DATASET EXCERPT =>

┏━━

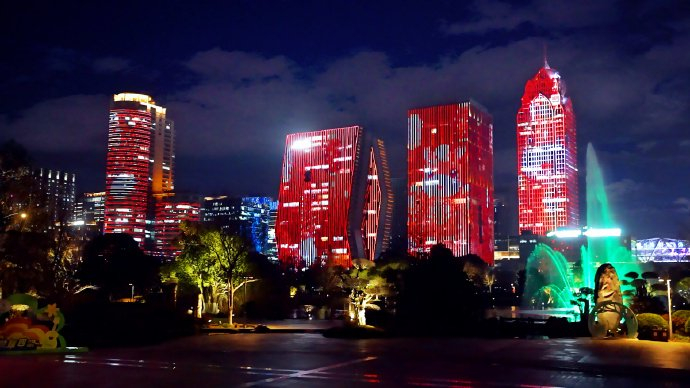 通过LED楼体投影、激光光束与智能联控系统的协同运作,建筑群将化身为一片连绵的立体画布,呈现骏马驰骋、福字流转、烟花绽放等灵动画面。光影随音乐节奏起伏变幻,宛如一幅在夜空徐徐展开的流动长卷,娓娓讲述城市的故事与新春的祝福。
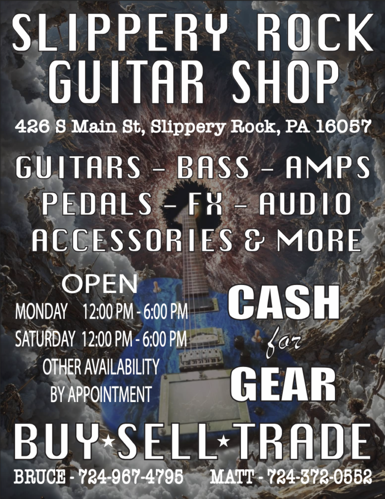 USED GUITARS, BASS, AMPS, PEDALS & MORE 426 South Main St, Slippery Rock, PA 16057 Monday and Saturday 12PM – 6PM VIEW CURRENT INVENTORY WESTERN PENNSYLVANIA GUITARSHOW
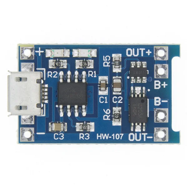 Этот модуль использует очень зрелый зарядный чип TP4056, с простым периферийным устройством

┗━━

YOUR TASK => Every line of the listing should be repeated exactly; no picture should appear.

ANSWER TO THIS TASK =>
 通过LED楼体投影、激光光束与智能联控系统的协同运作,建筑群将化身为一片连绵的立体画布,呈现骏马驰骋、福字流转、烟花绽放等灵动画面。光影随音乐节奏起伏变幻,宛如一幅在夜空徐徐展开的流动长卷,娓娓讲述城市的故事与新春的祝福。
 USED GUITARS, BASS, AMPS, PEDALS & MORE 426 South Main St, Slippery Rock, PA 16057 Monday and Saturday 12PM – 6PM VIEW CURRENT INVENTORY WESTERN PENNSYLVANIA GUITARSHOW
 Этот модуль использует очень зрелый зарядный чип TP4056, с простым периферийным устройством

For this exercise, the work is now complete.